Khachiyan: They may as well include a voice over spelling out for viewers who the heroic, virtuous characters are…
Nekrasova: [There’s a difference] between art that’s prepackaged with a correct interpretation and art that generates interesting debates without paralyzing open discussion.
Greenwald: That’s when art is most interesting, when it can take actual parts of life and make you think and make you have doubts about your own initial impressions and reactions and judgments instead of just having to digest messaging.
This past weekend, I saw two movies that were perhaps completely antithetical to each other. In American Fiction, the main character Theolonius “Monk” Ellison complains about so-called “woke” literature, which is bestowed a stamp of approval for having a blatant, straight-forward moral message, despite often being quite poorly written. While working on his own novel, he says that he doesn’t want the protagonist “to do some grandiose speech spoon-feeding everyone the moral of the story. There is no moral. That’s the idea. I like the ambiguity.”
Anti-woke reactionaries, often of a conservative and/or religious persuasion, love to rag on how tedious woke films, shows, and books are. Yet they often forget that woke posturing is merely a secularized version of a certain strain of puritanical Protestant Christianity. Despite having foregone explicit references to God or Scripture, it retains the same moralism, the same simplistic, Manichean metaphysical undergirding…rendering them two sides of the same coin.
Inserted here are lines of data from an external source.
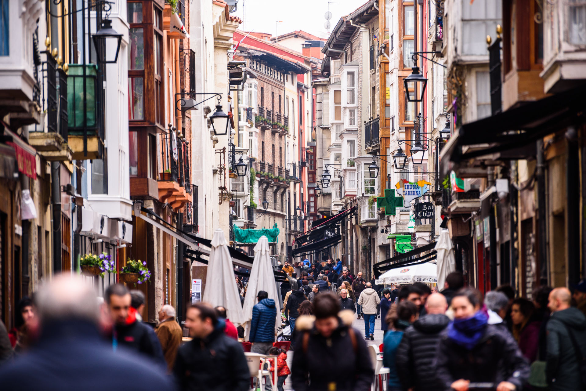 Una vista del bullicio y buen ambiente en la calle Cuchillera, en pleno casco histórico de Vitoria.
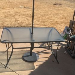 LIKE NEW Patio Set - 5x3ft Glass Table, 6ft Tilt Umbrella & HEAVY Base$110Lubbock, TX
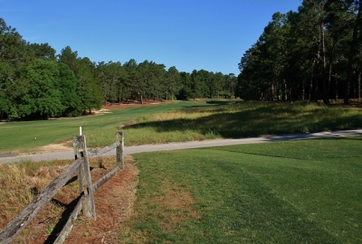 | Strategy is demanded at Pine Needles on all shots. It may look wide open off the tee, but if you want the best angle into the green, you'd better challenge the fairway bunker. Here, the par four 11th hole. |
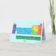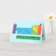 Cartão de saudação/anotação com mesa periódica dos elementos, com cada grupo de elementos marcado em cores arco-íris.
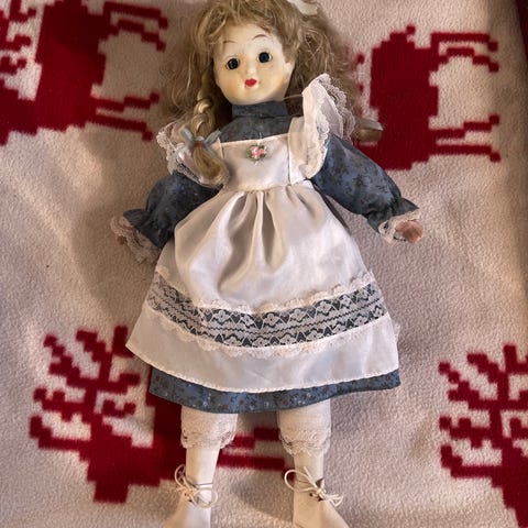 En jente-dukke selges. Hun har på seg strikkede klær og har porselens-ansikt. 38,5 cm høy. Det er en veldig tydelig flekk på det ene benet, se bilde. Må hentes, sender ikke.
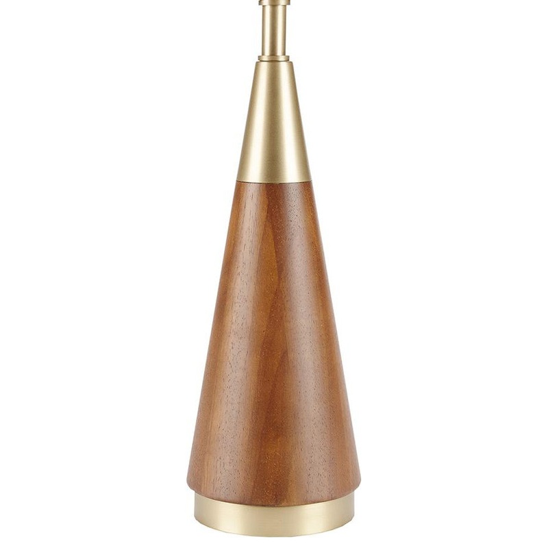 Simple architectural shapes in a pecan finish with gold accents will add style to your mid-century setting combined with the white linen shade.

Before I tear apart the second film I saw, which perfectly fits Ellison’s characterization of stories full of “grandiose speeches,” “moral spoon-feeding,” and a lack of “moral ambiguity,” allow me to offer a disclaimer. I am personally very close to Mother Cabrini. If you’re close friends with me or was ever a student in one of my classes, I probably have taken you to the Cabrini Shrine in Inwood, where the remains of her body are on display on the altar. (You should also read my reflection on a field trip to the Cabrini shrine, and A.W. Strouse’s reflection on the shrine and immigration.)
Mother Cabrini is one of those saints whose extraordinary feats can only be attributed to something miraculous, to something beyond any human being’s most noble of intentions or earnest efforts. Seriously, how can a small, sickly person–who was told by her doctors that she wouldn’t live past her thirties (she died at 67)–found over 67 hospitals across North and South America with no regular source of income? People like her make me wonder how secular humanists chock up such supernatural acts of charity to mere “benevolence.”
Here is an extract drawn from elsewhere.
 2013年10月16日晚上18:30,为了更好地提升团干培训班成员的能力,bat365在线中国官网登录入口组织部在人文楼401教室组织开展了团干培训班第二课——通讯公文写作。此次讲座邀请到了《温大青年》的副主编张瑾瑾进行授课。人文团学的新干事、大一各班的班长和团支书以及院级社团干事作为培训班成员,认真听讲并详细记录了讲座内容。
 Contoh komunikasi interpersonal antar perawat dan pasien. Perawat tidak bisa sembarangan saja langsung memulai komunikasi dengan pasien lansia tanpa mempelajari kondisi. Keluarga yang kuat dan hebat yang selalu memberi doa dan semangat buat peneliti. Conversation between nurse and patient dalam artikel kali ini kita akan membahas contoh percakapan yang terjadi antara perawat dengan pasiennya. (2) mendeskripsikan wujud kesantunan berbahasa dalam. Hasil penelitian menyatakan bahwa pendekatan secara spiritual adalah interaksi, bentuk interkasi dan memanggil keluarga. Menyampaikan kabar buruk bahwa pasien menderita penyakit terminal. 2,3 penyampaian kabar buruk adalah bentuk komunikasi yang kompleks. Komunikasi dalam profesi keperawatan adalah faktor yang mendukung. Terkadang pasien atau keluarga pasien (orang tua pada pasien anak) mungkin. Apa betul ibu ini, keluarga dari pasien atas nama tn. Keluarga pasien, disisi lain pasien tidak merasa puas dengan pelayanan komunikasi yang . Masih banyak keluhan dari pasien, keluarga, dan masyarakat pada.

I am extremely grateful that her story, which unfortunately is known to too few people, is being told in mainstream theaters thanks to Angel Studios’ massive budget and marketing smarts. I hope that all people–Catholic, non-Catholic, even atheists–get the chance to hear Cabrini’s story, and are inspired to aspire to live a life of such grandiosity.
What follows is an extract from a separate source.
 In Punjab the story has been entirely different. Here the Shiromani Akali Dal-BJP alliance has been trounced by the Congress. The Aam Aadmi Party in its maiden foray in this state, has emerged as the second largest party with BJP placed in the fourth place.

All that being said, I must admit to how painful it was to watch Angel Studios’ rendering of her story. The film smacked of all of my worst pet peeves: blatant and simplistic moralizing, kitschy sentimental piety, and a flimsy commitment to artistic integrity. It managed to take the story of an Italian Catholic and pass it through the food processor of the American Protestant imagination…so as to make it easier to digest for American audiences, I suppose.